И мысль о том, что этот красивый мужчина будет оберегать меня, ну…
— Договорились. Спасибо, Томмазо.
ГЛАВА ЧЕТЫРНАДЦАТАЯ
Не стало неожиданностью, что Томмазо настоял отвезти меня домой, после травмы головы. На его машине за сто тысяч долларов — чёрной, гладкой и сексуальной, как и костюм, который он носил. Он успел переодеться, пока меня выписывали.

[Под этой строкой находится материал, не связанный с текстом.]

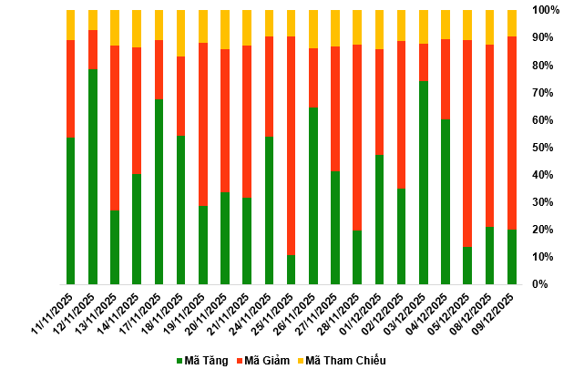 Kết thúc phiên giao dịch ngày 09/12/2025, toàn thị trường có 55 mã tăng, 194 mã giảm và 25 mã tham chiếu.

— Итак, э-э… — Я провела руками по волосам, застенчиво поглаживая шишку на затылке, желая убедиться, что, на самом деле, она не размером с баскетбольный мяч.
— Ты хорошо себя чувствуешь? — спросил он.
— Да, чувствую себя прекрасно. Просто… — Не нахожу слов.
Почему он переоделся? Теперь он стал ещё сексуальнее, и я сомневаюсь в своём решении не впускать его к себе, а также в способности удержать руки при себе.
— Да? — надавил он глубоким и низким голосом, наполненным мужской уверенностью.
— Это и есть настоящий ты? — Я махнула на него рукой.